あれ? そういえば王子さん、巨乳が好きなんじゃなかった?
「おい、馬鹿! な、何を言ってるんだ。お、俺はなあ、き、巨乳が好きなんだ! こ、こんな、こんな、まな板娘の胸を触るぐらいなら、自分の大胸筋を触る方がまだましだーっ!」
これまた、むかつく言い方ね。
ほんと、この王子クソだわ。
「無理しくさってぇ。ま、えーわ。で、今日は何の用事や」
「……今日はお前に聞きたいことがあってな」
王子は死霊の森の方を見た。死神も見る。
「あそこに死霊がいるのがわかるか?」
「ああ、ぎょーさんおんで」
「あいつら、俺を殺そうとしている」
「そら、難儀やな」
「で、お前のデスサイスだが、それって魂を刈ること出来るよな?」
「もちろんや。普段はこう、足下の影の薄いところをサクッと切って、魂をあの世に持ち帰るんや。影の薄いところやったら魂に傷はつかへんしな」
死神はまるで稲刈りをする農民のような仕草をしつつ、王子に説明した。
「もし、デスサイスで魂の足下以外を切りつけたらどうなる?」
死神は腕組みをして難しい顔をした。髑髏だから、あくまで雰囲気だけど。
「それなあ。デスサイスで足下以外、ていうか、影が薄いとこ以外斬ったら、魂怪我すんねんで。怪我させたら始末書もんや。当たり所悪かったら、魂消滅してまうんや。そうなったっら、死神免許取り消しやで。しゃれにならん」
その話を聞いて、王子が満面の笑みを浮かべた。
「そうか。魂消えるのか。なあ、死神。そのデスサイス、俺に貸してくれないか?」
「ええけど? 何に使うん?」
「ああ、あの死霊倒す」
死神がきょとん、とした。
「え? 本気?」
「本気」
私もきょとんとした。本気なの?
「うーん、ちょっと、待ってんか。

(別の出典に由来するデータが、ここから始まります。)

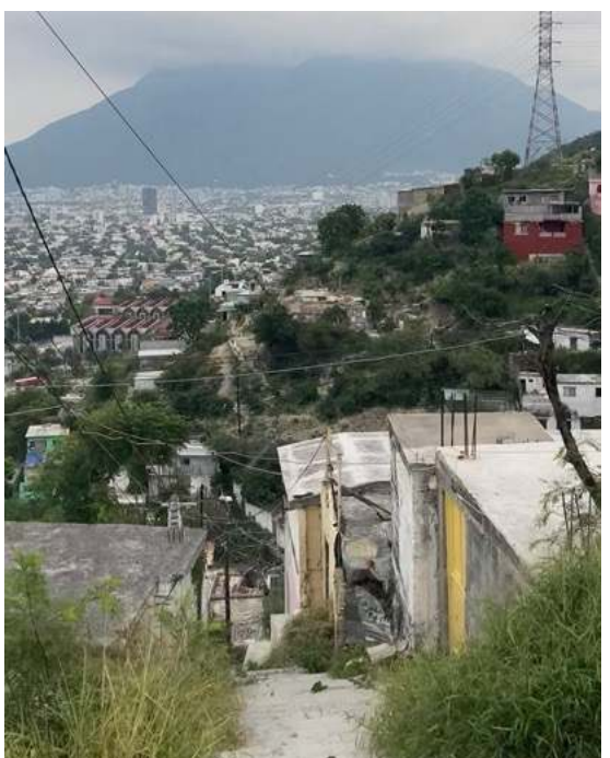
Figures 6 and 7. Housing in the mountainous zone of La Independencia neighbourhood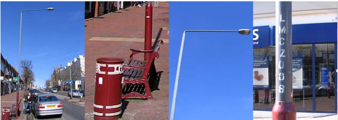
24 / LMCZ008 Mt. Pleasant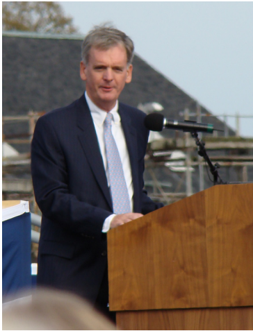
New Hampshire Senator Judd Gregg

The USS New Hampshire was officially inducted into the Naval fleet on Saturday, October 25 before a large group of VIPs, crew families, subvets, shipyard employees and the general public that gathered at the Portsmouth Naval Shipyard.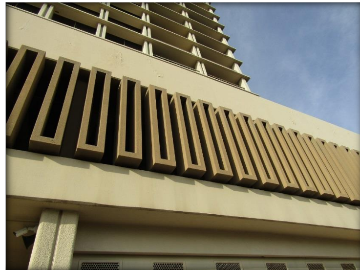
Detail views of subject property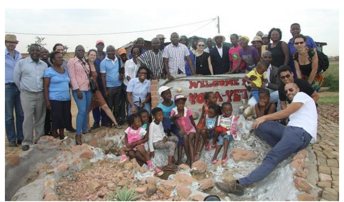
The workshop concluded with a site visit to the community of Duduza in Johannesburg, where young people affiliated with the Federation of the Urban and Rural Poor (FEDUP) are tackling unemployment as well as drug and alcohol abuse within the community.

Finally, national and local authorities must see youth not as problems, but as problem solvers. Young people are experts of their own territories, and local authorities should use (and value) their innovation and expertise in achieving sustainable city development.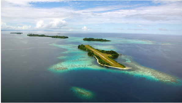
Close-Up Of Sea Against Sky.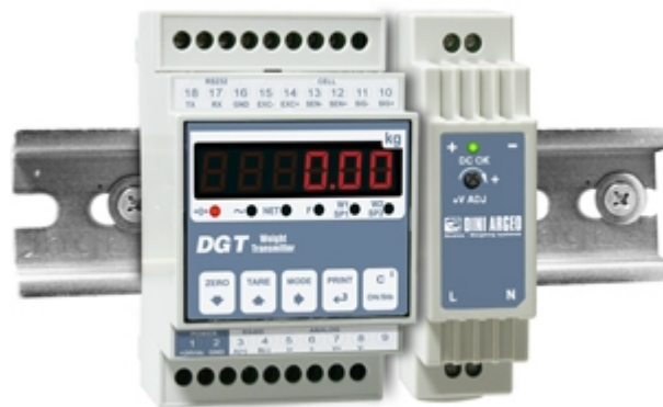
DGT1 with DR1512 optional power supply, for DIN bar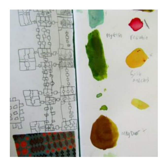
Show me what you see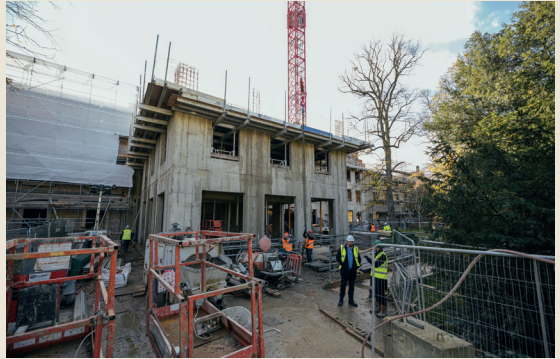
The multipurpose function room, on top of which there is a roof terrace, looks out onto the Wilderness.

www.trinity.ox.ac.uk/levine-building-gallery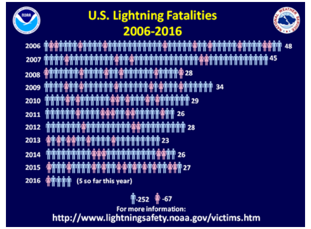
Figure 6: Annual lightning fatalities

For information on lightning safety, or to obtain data, educational and outreach materials, and posters, visit NOAA's lightning safety website: www.lightningsafety.noaa.gov or the wrn program at noaa.gov/wrn. Contact NOAA at wrn.feedback@noaa.gov. Examples of data available from NOAA are provided below.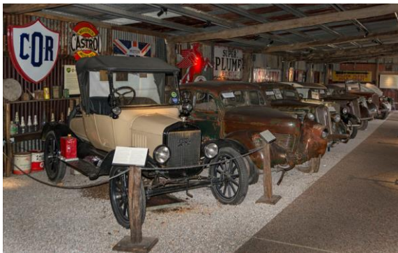
Herberton Historic Village, Nth Q'ld By Sonya Byrne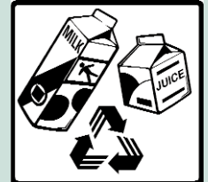
Milk and juice cartons Waxed paperboard only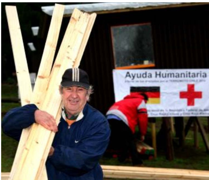
A beneficiary receiving a construction kit heads towards home. Each kit includes 10 zinc sheets, 2 kg of nails, a saw, a hammer and 24 wooden planks.

Another challenge is to reach those families not yet assisted – in this regard, activities will focus on rural areas in the O'Higgins region.

貸してええのんかどうか、本部に聞かなわからへんわ」
そう言うと死神は闇の奥に消えていった。
「ねぇねぇ、王子さん、本当に死霊を倒すの?」
「ああ、死神からデスサイスを借りられたらな」
しばらくして、死神が帰ってきた。
「ああ、オッケーやで。異世界やから、何してもええらしい。ほれワイのスペアや」
死神がデスサイスを王子に渡した。
「スペア? なんでスペアなんだ? お前のじゃダメなのか?
「あー、ワイもな、やるんや。一度、魂切り刻んでみたかったんや」
そう言って、死神がデスサイスを構えた。
二人で死霊狩りやるわけね。
王子と死神はデスサイスを構えた。
「じゃあ、いくか」
「せやな」
二人は丸焦げになった死霊の森へ突入した。
死神は空中をひゅんひゅん飛び回り、デスサイスを振り回した。
王子は彼に群がってくる死霊を次々と切り刻む。
「ぎゃあ!」「痛てぇ!」「魂がちぎれる!」「うがああ」
死霊の断末魔が聞こえてきた。
「おらおらおら! どんだけでもかかってこい!」
「あーたまらん、魂斬るのって、気持ちええわー」
魂を斬るときの音って、初めて聞いたけど、シャリン、シャリンっていうのね。
もう、ずーっとシャリン、シャリンの音が鳴り響いているわ。
一時間くらいして、すべての死霊が倒されたみたい。
「あーさすがにしんどかったわ-」
「ああ、そうだな」
二人は満足げだ。
「しかし、今ひとつ魂を斬るのはつまらん。血も出なければ内蔵も飛び出ない。なんというか、こう、殺した感がないな」
「贅沢やなー。ワイは魂をザックザック切り刻めただけで満足やな。もとの世界やと違法行為やで、これ」
「そういやそうだ」
二人は顔を見合わせて笑い出した。
血も出なければ内蔵も飛び出ないからいまいちだって……。
この残虐王子。やっぱどこかおかしいよ。
でも、やっぱりそういうところに惹かれるかも……。
「ほな、王子、わし、帰るし」
「おう、手間かけたな」
「こちらこそ、えー経験させてもろたわ」
バイバーイと言って、死神は消えていった。
「おい、フレイア。ピラミッドに行くぞ」
「あ、はい」
なんでこいつが主導権握っているのよ、むかつく。